[gentoo-user] Re: The end of "Herds"

2014-11-06 Thread James
Alec Ten Harmsel  alectenharmsel.com> writes:


> There is a large discussion on the Spark mailing list right now about
> having groups of maintainers for different areas:

>
http://apache-spark-developers-list.1001551.n3.nabble.com/VOTE-Designating-maintainers-for-some-Spark-components-td9115.html


This is an excellent link and model for a "hi profile" software.
It is a very open and accountable model for code development, reviewing
patches, including patches and in general code maintenance and bug
fixes.

> I'm not sure how relevant that is, but it's interesting.

It is relevant to very large and important codes. I do believe that
most of the gentoo ebuilds  (packages) will not be afforded this
level and number of devs. As the gentoo distro grows, it is a model
for the devs and the council to keep in mind for those critically
important packages... 


James






[gentoo-user] Re: The end of "Herds"

2014-11-06 Thread James
Alec Ten Harmsel  alectenharmsel.com> writes:

> > I think the concept of "Projects" will persist, but herds have
> > to become active and request to become "Projects" as defined
> > on the gentoo wiki or they will be erased. Like many others, 
> > I have been burned in the past with trying to get directly involved 
> > with Gentoo (been here since 2004). That's all water under the bridge.
> > So I am "tip_toeing" behind the scenes willing to be a grunt
> > and clean up some of the java mess, participate in clustering and 
> > contribute to the science project. We'll see just how long it lasts 
> > before I get "bitch_slapped" like  my previous attempts

> There is a large discussion on the Spark mailing list right now about
> having groups of maintainers for different areas:
> 
>
http://apache-spark-developers-list.1001551.n3.nabble.com/VOTE-Designating-maintainers-for-some-Spark-components-td9115.html
> 
> I'm not sure how relevant that is, but it's interesting.
> 
> My own viewpoint is that there should be no individual maintainers;
> packages should be assigned on a herd level, and the herds can
> self-regulate and know who has expertise with each package. Just my two
> cents; best to not have a single point of failure.
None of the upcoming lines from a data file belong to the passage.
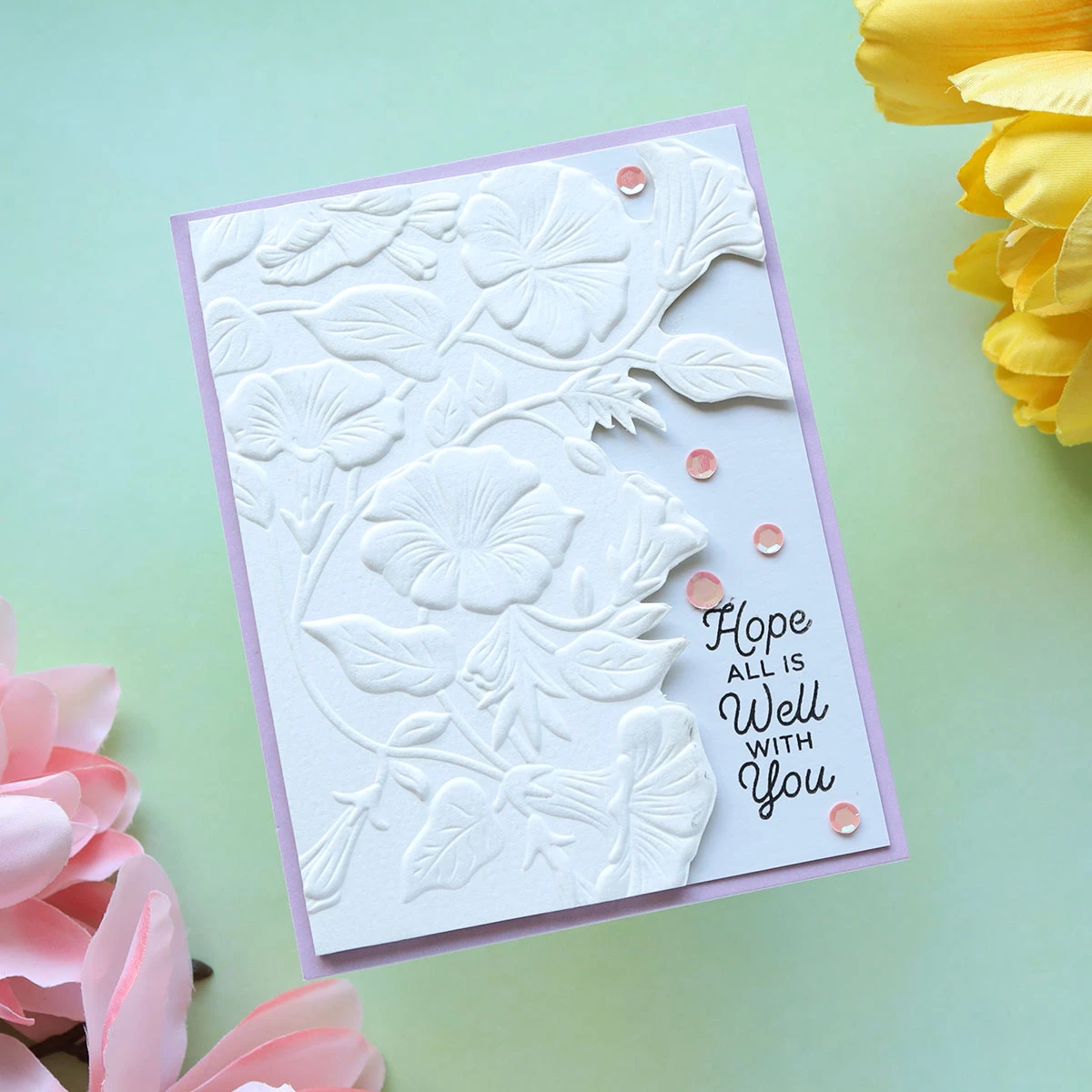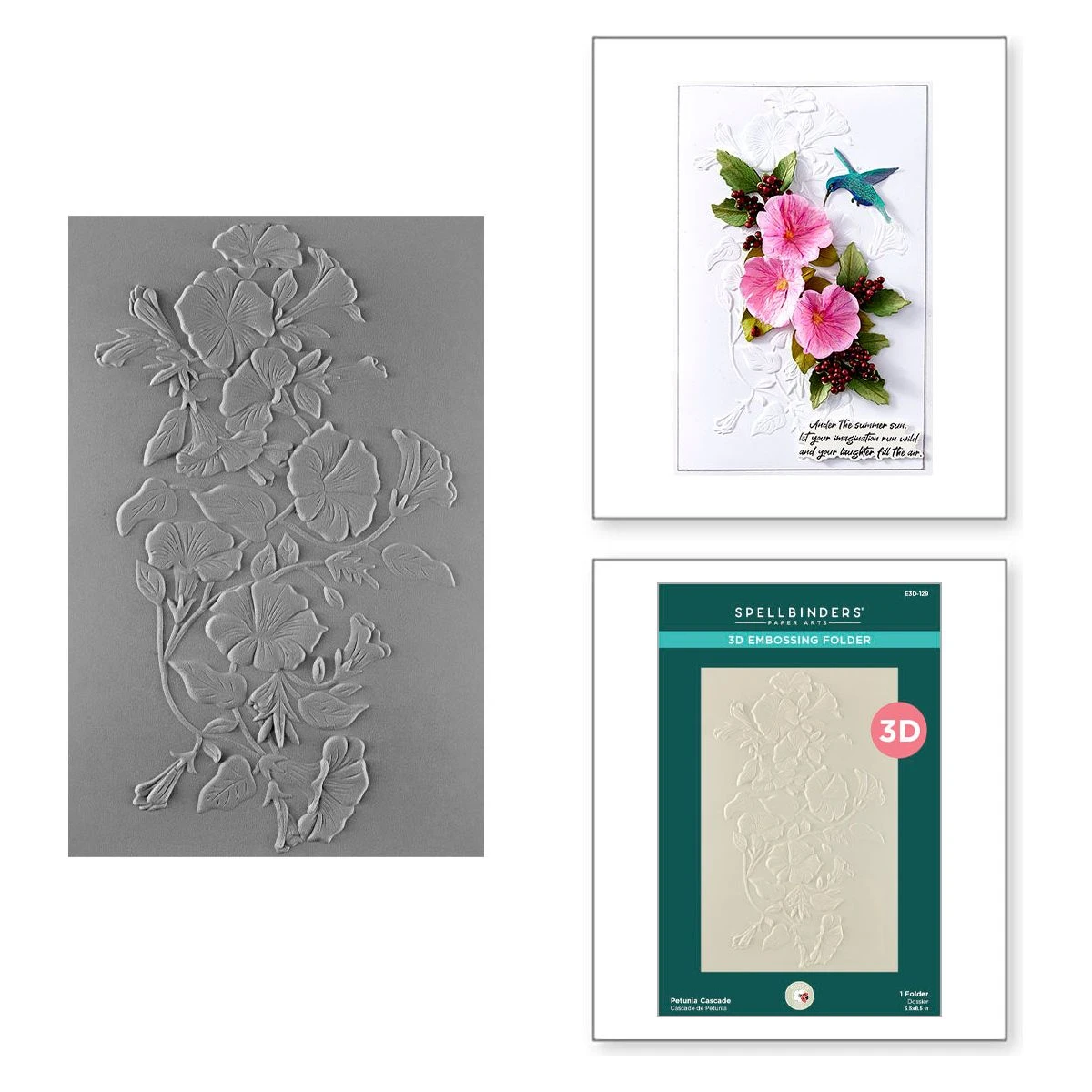 Petunia Cascade 3D Embossing Folder is a 5.50 x 8.50-inch embossing folder that has a beautiful cascade of lovely Petunia blooms in the center of the folder. What a wonderful focal point!
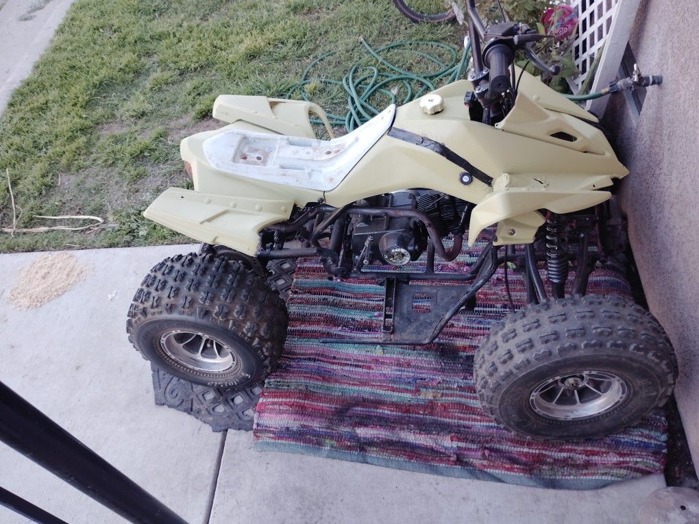 This is considered a midsize ATV Customized quad ATV, starts runs drives just need some TLC and tuning getting rid of it because tired of hearing the owner of the property complain brand new carburetor,new manifold all new wiring harness kickstart with keys looking to trade for a street legal scooter,dirt bike or $350 don't be afraid to ask I like projects(this one just took too much time and too many people are complaining
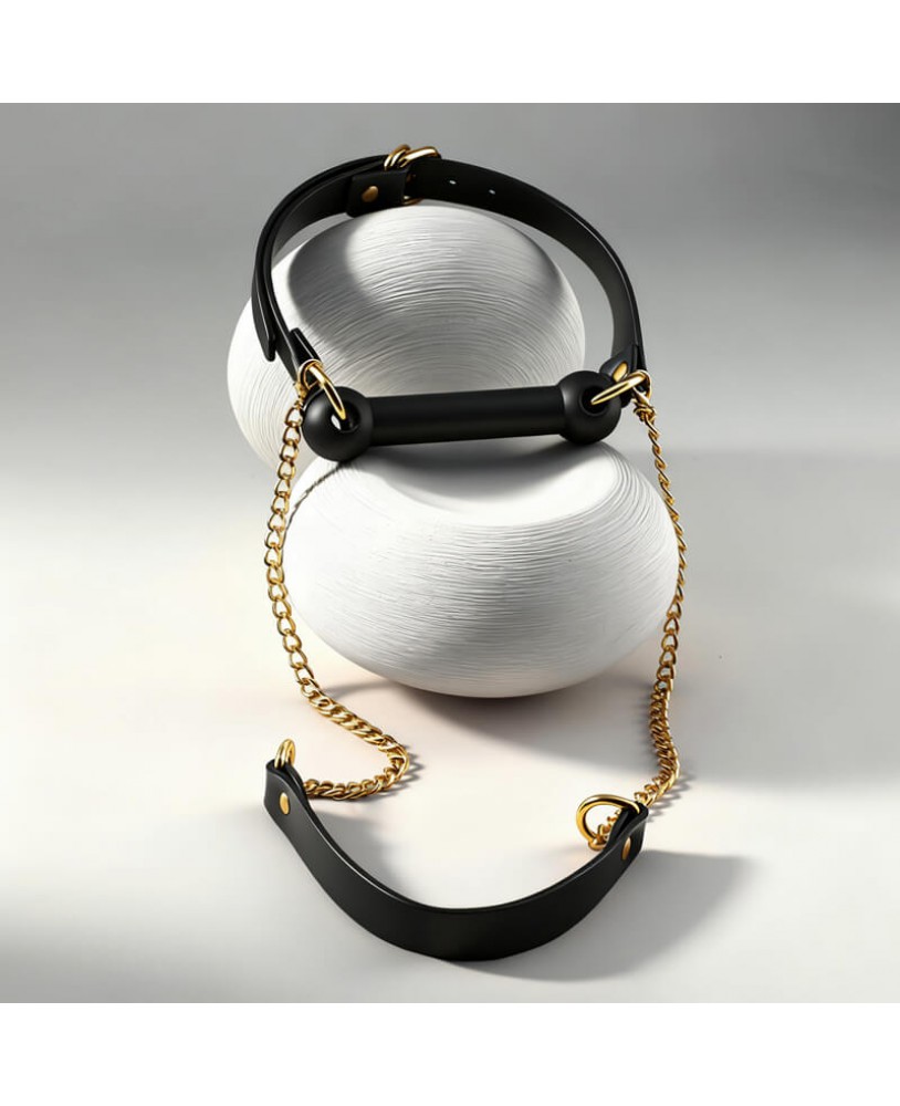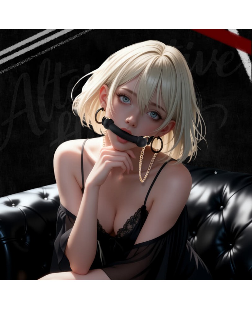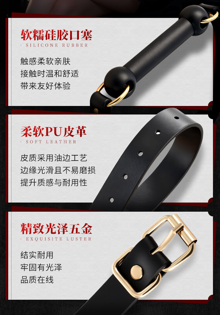 pitch-black silicone ball gag spans the mouth,
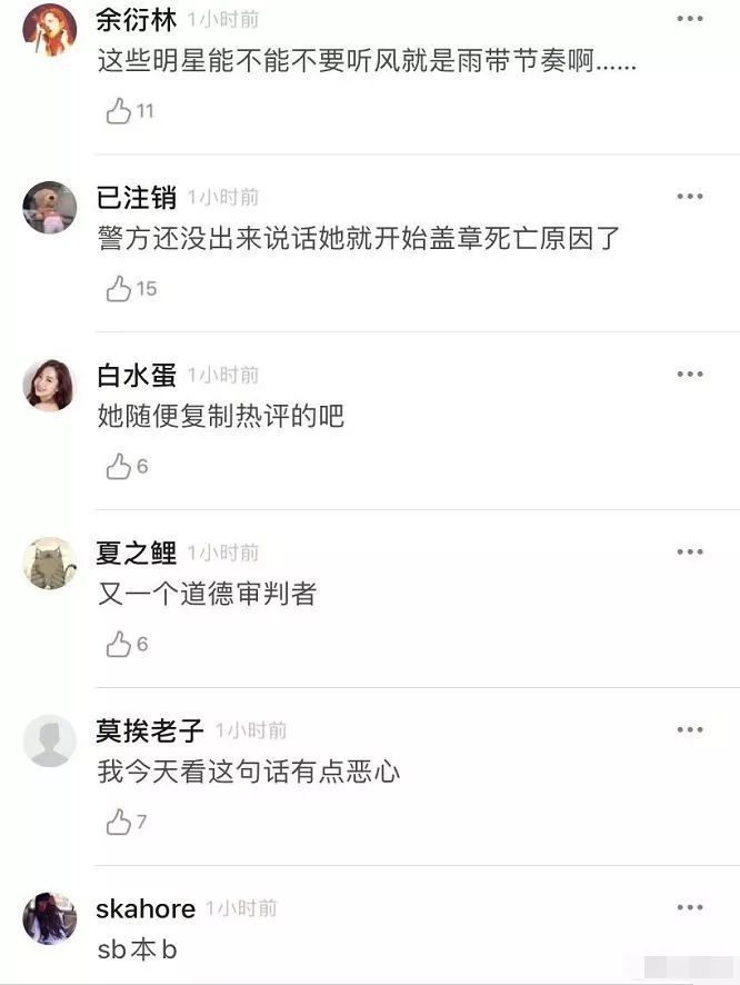 且不说这句话到底有什么问题没,就说她这听风就是雨的态度,官方都还没给出死因是啥,她就直接盖章是网络暴力了,这和当年谢楠在姚贝娜下病危的时候就发出悼念微博是不是一样的性质?
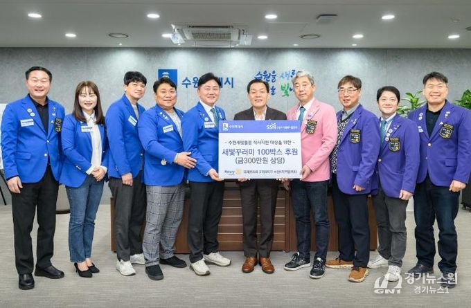 [경기뉴스원/경기뉴스1] | 국제로타리 3750지구 수원4지역협의회가 “수원시 취약계층에 전달해 달라”며 수원시에 ‘새빛꾸러미’ 100상자(총 300만 원 상당)를 후원했다.

The spark post is relevant to the discussion. But spark is one (large)
code_set and we have thosands of different codes at Gentoo as a distro.
So some of our softwares, such as Python, are like spark and there
are multiple maintainers, like spark. We also have many smaller softwares
(ebuilds) that need someone (anyone?) to step forward and maintain that
singular package. Routine on Gentoo dev, there are packages up for
grabs that need a maintainer. Spark is in the luxury postion of having
many, very talented coders all working on one (large) piece of software.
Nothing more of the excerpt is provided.